Reading Old Books with Tesseract


Our current project is in conjunction with the NYPL concerning the transcription of digital archives. Due to the fact the particular resource we are working with is typeset we will be making use of OCR, Optical Character Recognition, on these digital images in order to assist the transcriptionist. A bitmap image such as .png, .jpg, or .tiff is just information about the color of pixels in the image, and it takes some interesting programing to get an understanding what the pixels in an image means. The two basic types of OCR processing are Matrix Matching and Feature Extraction. Matrix Matching has a lower computational cost and works best with reproducible typefaces. A phone bill could be scanned quickly and well with a Matrix Matching engine. The computer metaphorically overlays a stencil of a letter on a grouping of pixels and records the letter with the closest match. Feature Extraction works much more like the human visual system and searches for, well, features. It looks for edges, monochrome fields, line intersections and other such topography. Feature Extraction is more versatile than Matrix Matching for unusual typefaces, different sizes of the same type, or uneven backgrounds.

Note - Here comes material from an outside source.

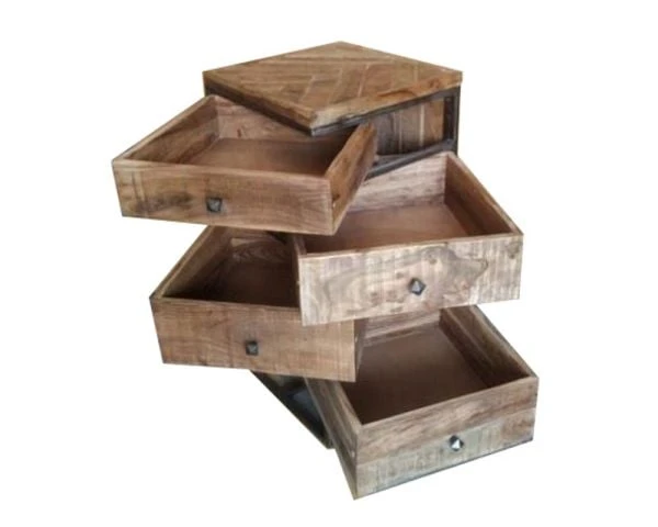 Ses tiroirs s’ouvrent de côté grâce au système de charnières donnant ainsi un véritable cachet au meuble ! Même les poignées sont stylées et élégantes. On ne voit pas ça partout c’est certain ! Enfin, les tiroirs boisés et le plateau en acacia massif apportent chaleur et douceur naturelle à votre nouveau meuble de rangement. A noter que les artisans aiment travailler cette essence de bois durable pour la qualité incomparable de sa fibre ferme et fine résistante à l’humidité. Votre meuble est quasiment imputrescible et ne nécessitera pas de traitement particulier. Pour son entretien, rien de plus simple ! Un facile nettoyage avec un chiffon doux et le tour est joué ! Pratique et fonctionnel, ce petit meuble à tout pour vous séduire et vous faciliter la vie.

For this project we will be using Tesseract, an OCR engine developed by HP and made open source in 2005. It is a feature detecting engine with a couple of optimization options. Before embedding a language specific hidden Markov Model or training a convolutional neural network with an evolutionary optimization algorithm such as Particle Swarm Optimization there are some more basic steps you can take to improve your OCR results.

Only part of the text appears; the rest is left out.